4.4.3 Lifecycle Management.

The distributed training and inference of machine learning workflows originated by the emergence of these new paradigms is gaining traction in the research community [8, 31, 59]. This strengthens the necessity of managing the lifecycle and key components of AI applications through dedicated frameworks [54] and attracts research attention towards handling its various stages. In this regard, the authors in [32] propose an AI lifecycle approach for tackling the challenges of AI-based solutions from conception to production. Firstly, a semantically enhanced pipeline can automate data preparation [129]. Secondly, the training of ML workloads can be characterized into smaller pieces for distributed execution [62], and frameworks for retraining ML models to dynamically adjust to varying energy and memory constraints can speed up inference [98]. Thirdly, many authors propose frameworks and architectures that tackle the deployment stage of data science projects in different computational environments, such as the cloud [44, 80, 88] and the edge [8, 44, 88], including devices such as microcontrollers [87]. The authors of [36] propose a goal-driven framework for the operationalization of distributed analytical pipelines across the cloud continuum. In addition, the deployment of certain flavors of machine learning algorithms, such as deep learning [78] and deep neural networks [18], are also addressed. Yet another angle is to address the deployment of such workloads by maximizing resource utilization and operator revenue [29]. Finally, some studies focus on the monitoring stage by proposing architectures [3] and frameworks [53, 54] that supervise processes and events in order to react to their deviations during runtime. The authors of [67] propose an AIOps anomaly detection framework that addresses functional and performance failures in software systems. Similarly, [96] suggests an automated pipeline for AIOps monitoring and maintenance. In summary, frameworks that are able to orchestrate ML workflows [4] and their associated resources [29] become essential to navigate through the complexity of this endeavor.

4.4.4 Technologies.

From a technological standpoint, techniques like software-defined networks simplify network management and enable the implementation of unified services for optimal AI deployment, optimizing the available resources [123]. In [68], an architecture for the deployment of AI solutions in B5G networks is proposed. ML automation processes such as AutoML are pivotal for the maturity and efficiency of the ML models in production environments, and more research is required [108]. Containerized solutions represent a unique opportunity for the operationalization of data science workloads since they promote the ubiquitous deployment of pipeline stages. Due to this, some architectures [33] and frameworks [4, 16] found in academia devote to this technology for the deployment and orchestration of AI workloads. Yet another technology utilized for the operationalization of predictive models is the use of API resources, as it provides a simplified abstraction on top of sophisticated prediction models, promotes resource sharing, and simplifies the consumption of the resources for the end user [43]. On the other hand, the operationalization of some flavors of algorithms captivates the attention of researchers, and the operationalization of both deep neural networks [18, 87, 107] and deep learning [17, 31, 44, 78] solutions is frequently addressed. A frequent problem is addressing the particularities of the infrastructural devices on which they are deployed.

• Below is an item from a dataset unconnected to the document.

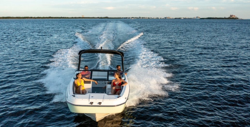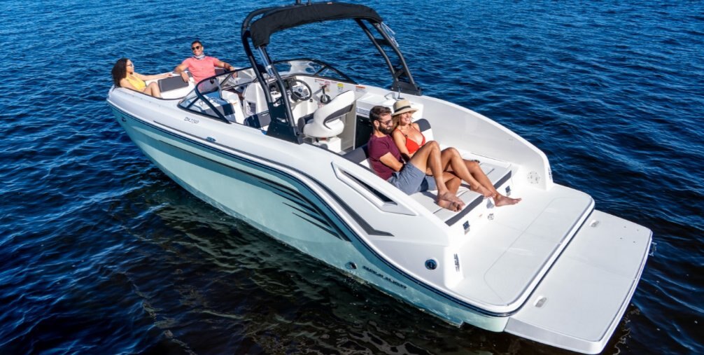 This family-friendly sterndrive model combines all the most popular aspects of the DX Series. The sleek exterior is complete with hull sculpting and stylish shear lines while the interior is loaded with all the comforts of home. The plush upholstery features quilting with black welt plus transitional cockpit and transom seating offer total lounging comfort while facing forward or aft. When underway the wider V-hull offers stability and a high freeboard keeps everyone safe and dry.

On top of the inherent particularities of MLOps and AIOps, data science projects frequently need to overcome the challenges of Big Data ecosystems. These platforms are often operated leveraging HPC technologies, which require the involvement of varying backgrounds of stakeholders. In this regard, containerized solutions and serverless technologies alleviate the deployment of ML-based solutions and their dependencies on different platforms and computational layers, such as the cloud and the edge. However, it also raises the manifold challenges of orchestrating distributed pipelines; hence, tools that can handle the ML lifecycle gain relevance. In this regard, the deployment of AI workloads receives the majority of the attention, while other phases like monitoring or training remain understudied. AIOps solutions are still underrepresented in the fields of infrastructure management and in the deployment of ML solutions.

4.5 What are the Current and Future Fields in which MLOps and AIOps are Thriving? (RQ5)

This subsection provides an analysis of the current and future fields of MLOps and AIOps methodologies. Table 7 presents a taxonomy of the various fields in which MLOps and AIOps methodologies are being utilized, and highlights the areas in which each paradigm thrive.

Table 7.

		MLOps	AIOps
Research	Space	[40]	[40]
Research	Physics	[17, 46]	-
Industry	Factories	[3, 118]	-
	Construction	[10, 37]	[37]
	Autonomous Vehicles	[44]	-
	Health	[15, 51]	[15]
	Failure Management	-	[84]
IT	5G	[68, 94]	[29, 66, 94, 123]
	6G	[59]	-
	Networking	[15, 116]	[15, 90, 116, 117]
	Service Management	-	[1]
	Logs	-	[76, 86, 121]

Table 7. A Taxonomy of the Fields where MLOps and AIOps Methodologies are Thriving

4.5.1 Industry and Research.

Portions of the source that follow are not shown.